▸ INFORMATION PROVIDED
--
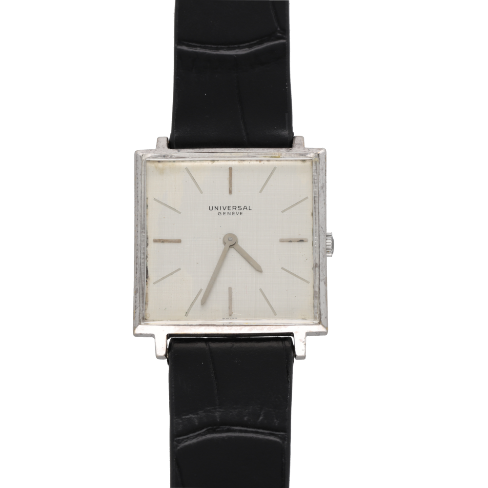Montre Universal Genève en acier, avec mouvement mécanique, boîtier 27 x 27 mm, vers 1965, avec boucle ardillon.
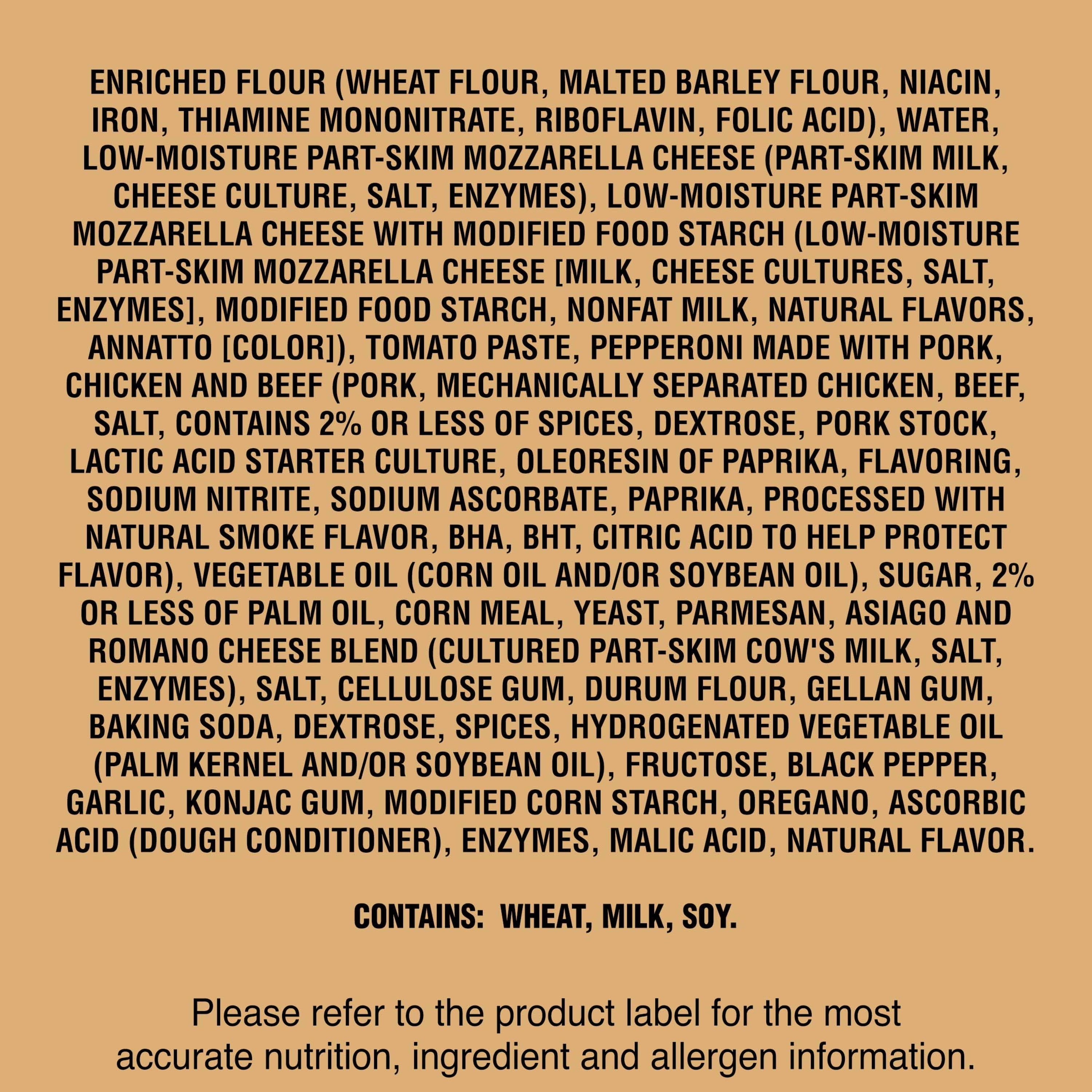 DiGiorno Pepperoni Frozen Personal Pizza on a Hand-Tossed Style Traditional Crust is created with the same great taste you love, but in a smaller size so you don’t have to share. This small pizza is topped with tasty pepperoni and made with real mozzarella cheese, delivering a delicious, easy dinner. DiGiorno hand-tossed style pizza crust is a traditional favorite because it’s crispy yet soft and airy on the inside for a truly satisfying personal pizza. Plus, this microwave pizza features a new and improved, tastier crust. This frozen pepperoni pizza is made with real cheese, pepperoni made from pork, chicken, and beef, and contains 27 grams of protein. Enjoy a quick lunch or dinner with a small frozen pizza just for you, straight from your oven. This small pizza is also great in an air fryer. Keep this DiGiorno pepperoni pizza frozen until you’re ready to enjoy. It’s not delivery. It’s DiGiorno.
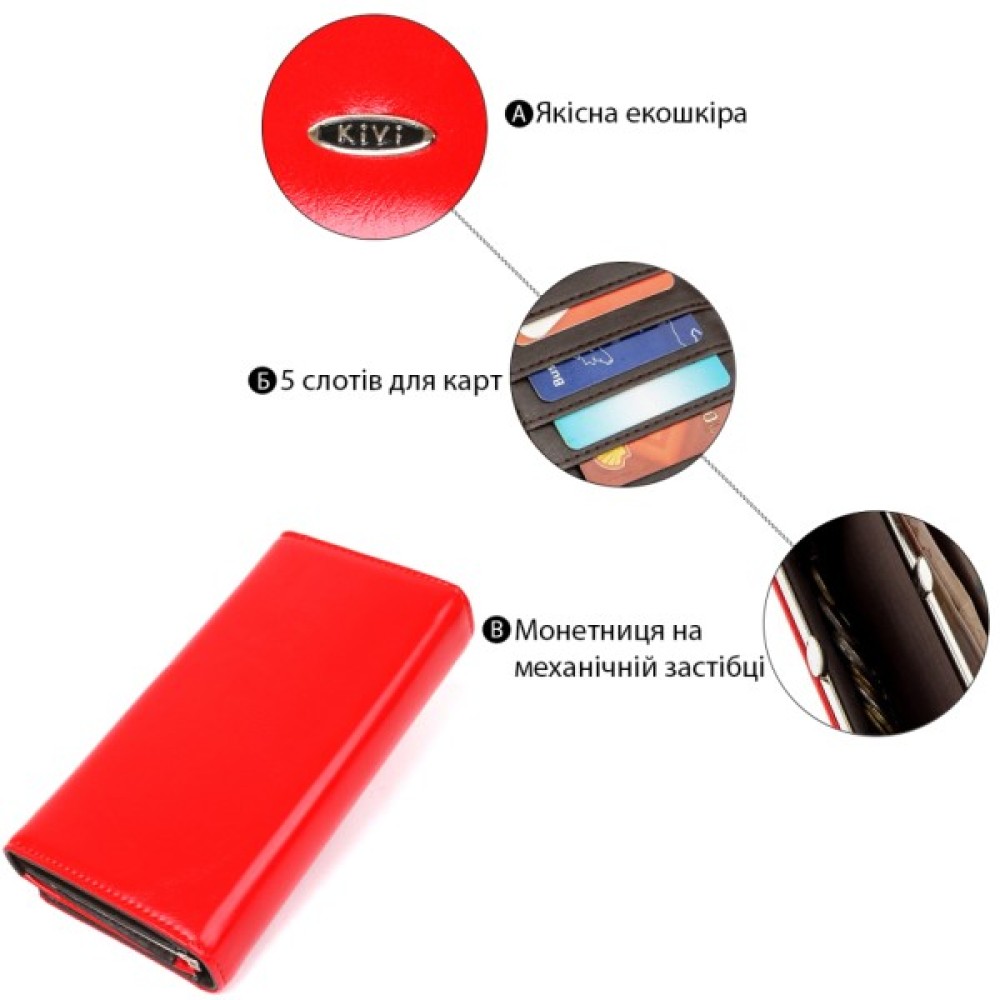 Гаманець, Kivi, З, гладкої, екошкіри, Червоний, 19075
--
▸ AIM OF THE EXERCISE
Copy the whole of the material above exactly, but not its images.

▸ RESULT
Montre Universal Genève en acier, avec mouvement mécanique, boîtier 27 x 27 mm, vers 1965, avec boucle ardillon.
 DiGiorno Pepperoni Frozen Personal Pizza on a Hand-Tossed Style Traditional Crust is created with the same great taste you love, but in a smaller size so you don’t have to share. This small pizza is topped with tasty pepperoni and made with real mozzarella cheese, delivering a delicious, easy dinner. DiGiorno hand-tossed style pizza crust is a traditional favorite because it’s crispy yet soft and airy on the inside for a truly satisfying personal pizza. Plus, this microwave pizza features a new and improved, tastier crust. This frozen pepperoni pizza is made with real cheese, pepperoni made from pork, chicken, and beef, and contains 27 grams of protein. Enjoy a quick lunch or dinner with a small frozen pizza just for you, straight from your oven. This small pizza is also great in an air fryer. Keep this DiGiorno pepperoni pizza frozen until you’re ready to enjoy. It’s not delivery. It’s DiGiorno.
 Гаманець, Kivi, З, гладкої, екошкіри, Червоний, 19075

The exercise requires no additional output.